Furthermore, Figure 11 displays an alignment of two presynaptic neurotoxins from two higher snakes of the Elapidae family (Laticauda colubrina and Laticauda laticaudata). It shows that the unidentified peptide is in fact an alternative splicing (or frameshifted) variant of the neurotoxin. Note that BLASTP identification of the frameshifted peptide on the NCBI nr database gives high E-values (minimal is of 0.67) and is thus expected to be missed by automatic prediction tools (since most of the features specific to neurotoxin are not present), whereas the non frameshifted peptide fragment, once identified, gives several E-values <10^-10 on NCBI nr.

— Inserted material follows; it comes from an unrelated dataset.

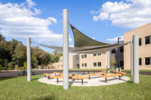 The cafeteria brings nature in with cedar decking, stone, and views of the entrance plaza and wooded landscape.

Platelet-derived growth factor is a potent mitogen for cells of mesenchymal origin. Binding of this growth factor to its affinity receptor elicits a variety of cellular responses. It is released by platelets upon wounding and plays an important role in stimulating adjacent cells to grow and thereby heals the wound. In Figure 12, we show the alignment of the back-translated human and rat platelet-derived growth factor proteins. The two proteins share high similarity at the amino acid level on the subsequences 1-84 and 113-195. The amino acids 85-112 can be easily aligned with a frameshift, as can be seen in Figure 12, while classic protein alignment reveals little similarity in these areas (Figure 13).

It is interesting to notice that this double frameshift (if confirmed) may have little influence on the protein (only the beginning of the receptor binding interface is modified). It is also interesting to notice that both the "inducing" and "correcting" frameshifts are located on two different exons.